Table of Contents

Class RingKernelLaunchOptions

Namespace
DotCompute.Abstractions.RingKernels
Assembly
DotCompute.Abstractions.dll

Configuration options for launching a ring kernel.

public sealed class RingKernelLaunchOptions
Inheritance
RingKernelLaunchOptions
Inherited Members

Remarks

Ring kernels are persistent GPU kernels that process messages from input queues and produce results in output queues. This class provides comprehensive configuration for queue sizing, deduplication, backpressure, and performance tuning.

Default Values

  • QueueCapacity: 4096 messages (optimized for high throughput)
  • DeduplicationWindowSize: 1024 messages (maximum validated size)
  • BackpressureStrategy: Block (wait for space)
  • EnablePriorityQueue: false (FIFO ordering)

Fields

DefaultDeduplicationWindowSize

Default deduplication window size (1024 messages).

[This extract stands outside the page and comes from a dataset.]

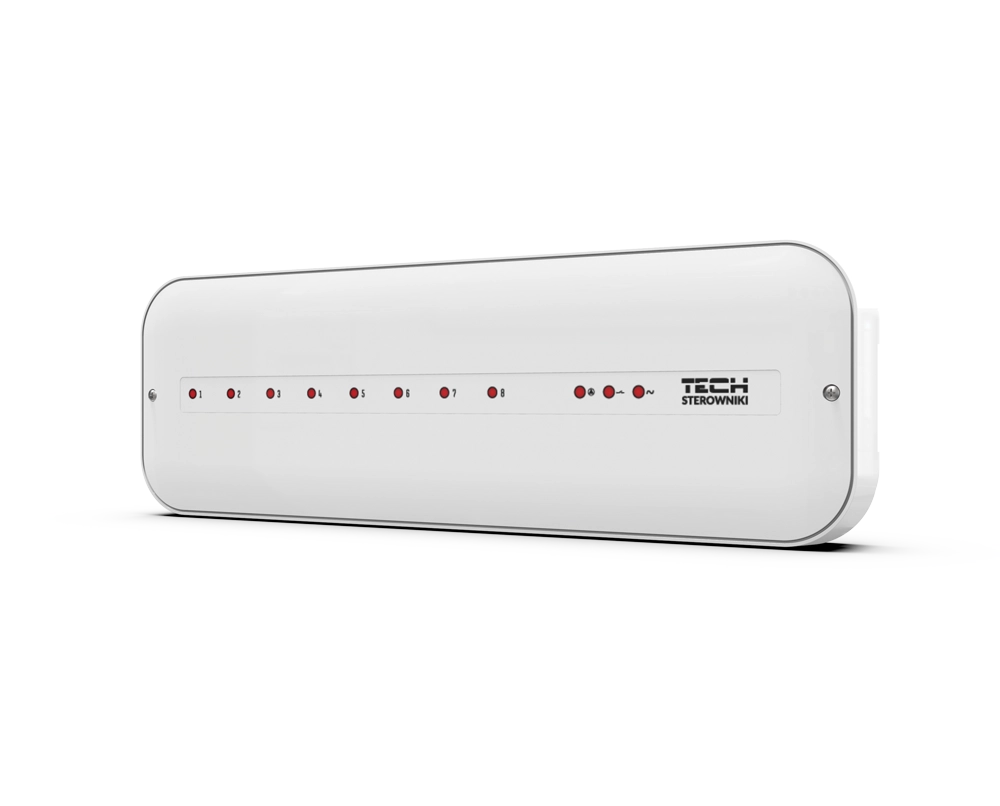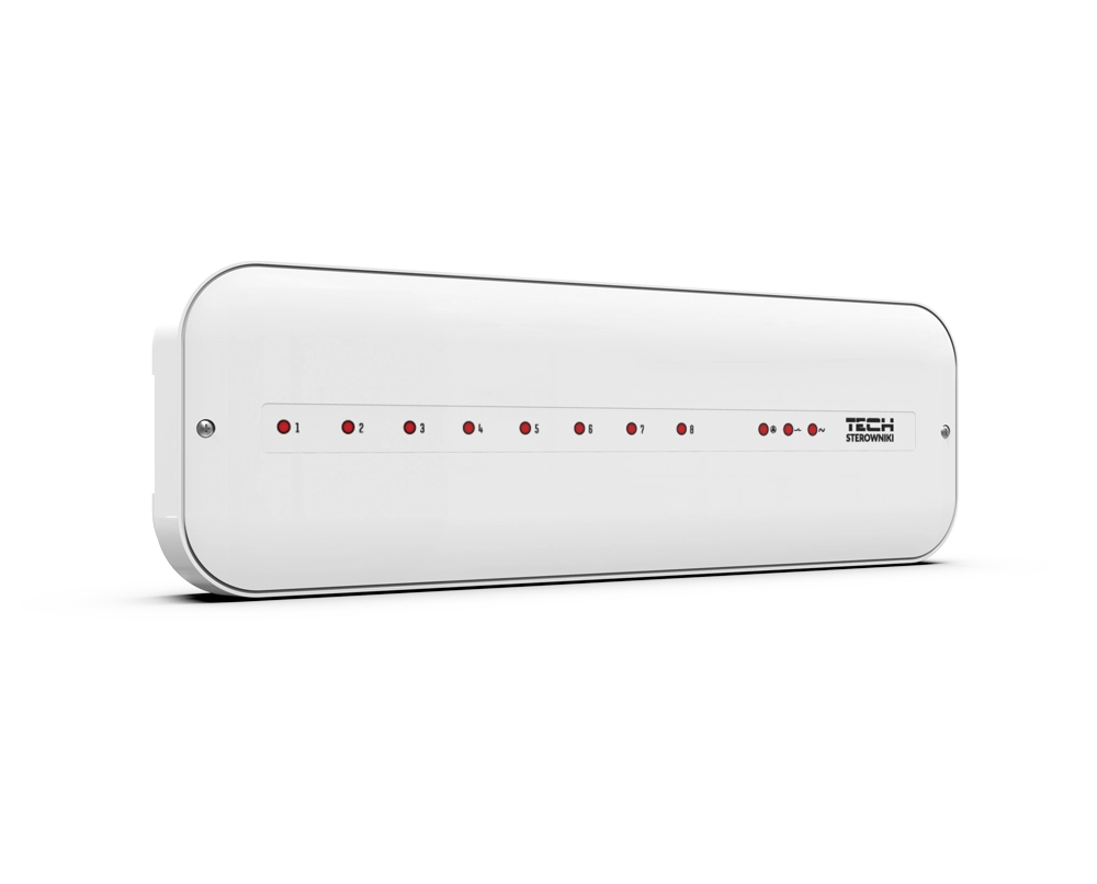 Przewodowy sterownik do podłogówki przeznaczony jest do zarządzania pracą siłowników elektrycznych na podstawie sygnału otrzymanego z regulatorów pokojowych. Kompletny zestaw urządzeń składający się z przewodowego sterownika do podłogówki, regulatorów oraz siłowników zapewni komfortową temperaturę w 8 strefach grzewczych. Urządzenie może obsłużyć maks. 50 siłowników elektrycznych przy pomocy 8 dwustanowych regulatorów pokojowych. Przewodowa listwa do podłogówki wyposażona jest także w styk beznapięciowy do zarządzania urządzeniem grzewczym.

public const int DefaultDeduplicationWindowSize = 1024

Field Value

int

Remarks

1024 is the maximum validated size that balances:

  • Memory usage: ~32KB deduplication cache per queue
  • Coverage: Detects duplicates within last 1024 messages
  • Performance: O(1) lookup via hash table

DefaultQueueCapacity

Default queue capacity for ring kernel message queues (4096 messages).

public const int DefaultQueueCapacity = 4096

Field Value

int

Remarks

4096 provides a good balance between memory usage and throughput:

  • Memory per queue: ~128KB for IRingKernelMessage types
  • Supports 2M+ messages/s throughput with 100-500ns latency
  • Power-of-2 for optimal modulo operations

Properties

BackpressureStrategy

Gets or sets the backpressure strategy when queues are full.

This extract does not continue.